Массимо повернулся, приложил ладонь к микрофону телефона и позвал свою жену, верную спутницу по жизни.

– Света! – чуть торопясь сказал Массимо, – иди, дочь хочет с тобой поговорить!

– Иду Макс, уже иду, где там моя прелесть… – нараспев произнесла мать Кристины.

На террасу большого дома вышла стройная женщина, приятной наружности, одетая в домашний халат кремового цвета, расписанного рисунком цветов. В её походке было что-то спортивное, и ещё бы, в прошлом мать Кристины уделяла довольно много времени спорту, занимаясь бегом, катаясь на лыжах и плавая. Впрочем, этим она занималась и по сей день, правда менее активно.

Светлана Александровна подошла к мужу, потянулась к нему на носочках и нежно поцеловала в губы. Массимо с наслаждением заглянул в бездонные карие глаза, и в миллиардный раз почувствовал, насколько сильно он любит свою жену.

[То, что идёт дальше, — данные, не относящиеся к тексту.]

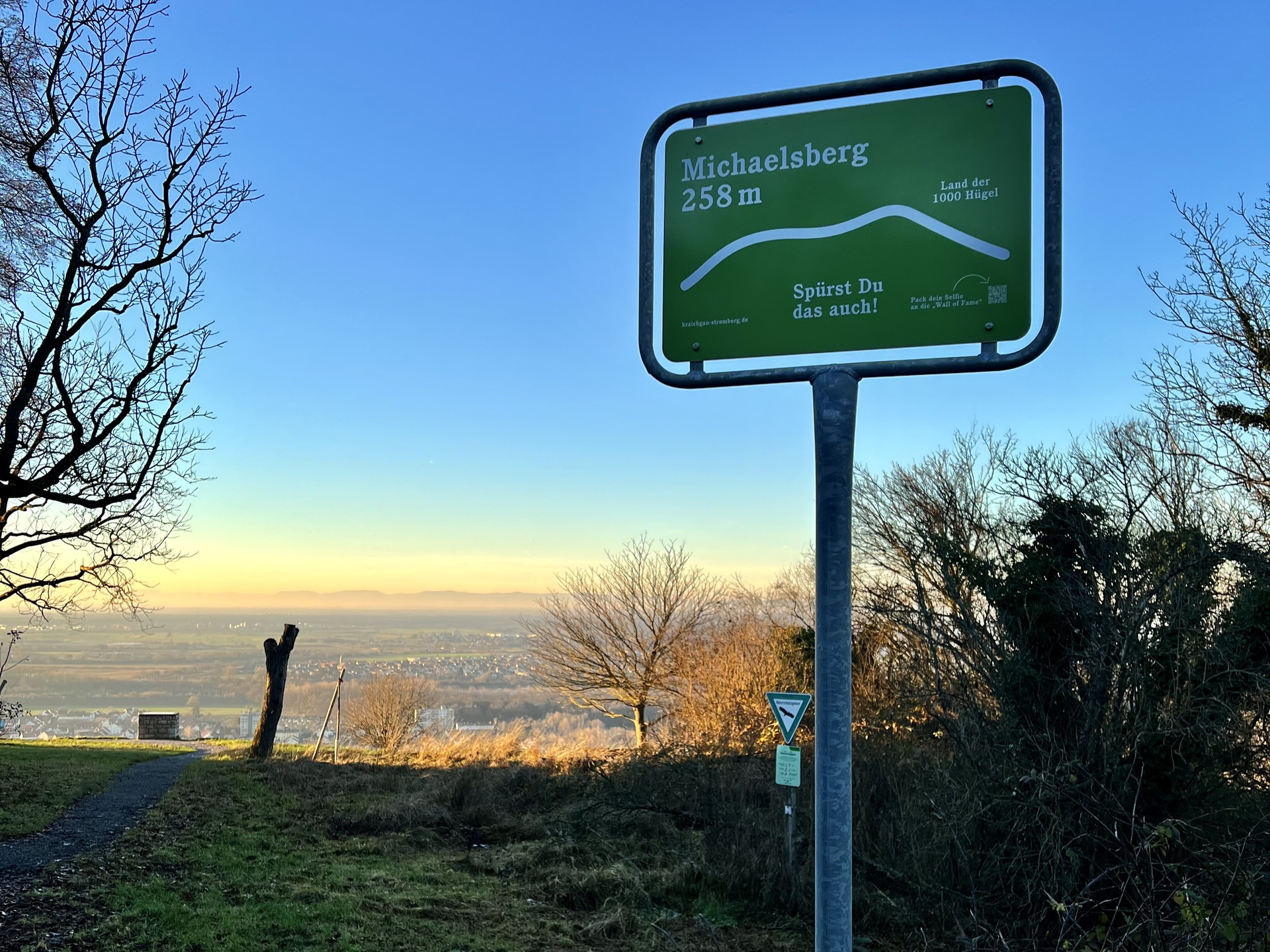 Die zweite Schleife der Acht führt weiter Richtung Weingarten. Im Café Auszeit lässt sich bei Bedarf ein weiterer Stopp einlegen (Montag Ruhetag). Anschließend wird es nochmals sportlich: Der Anstieg zum Michaelsberg bei Bruchsal bietet die Möglichkeit, am offiziellen Hügel-Passschild einen zusätzlichen Höhenmeter-Akzent zu setzen – inklusive Aussicht, Passselfie & Wall of Fame.

– Держи милая, можешь не спешить, – с улыбкой произнес Массимо и передал жене мобильный телефон.

– Как скажешь дорогой, – с такой же влюбленной улыбкой ответила Светлана Бино.

Мать Кристины начала расспрашивать дочь о том, как она умудрилась повредить зуб поедая гречневую кашу. При этом она улыбалась, дивясь дочериной неурядице, но говоря четкие и серьезные фразы. Светлана научилась этому во времена советского детства – говорить серьезные вещи улыбаясь и наоборот. В ней присутствовала рассудительность дюжины людей и комичность сотни жителей туманного Альбиона.

Тем временем, Массимо стоял, обняв свою жену сзади, и наблюдал лучи уходящего солнца над водами Средиземного моря. Слегка изогнув шею, он поцеловал свою жену в макушку, при этом, глубоко вдохнув запах волос, которые, как и сейчас, с юных лет несли сладкий запах неведомых человечеству цветов.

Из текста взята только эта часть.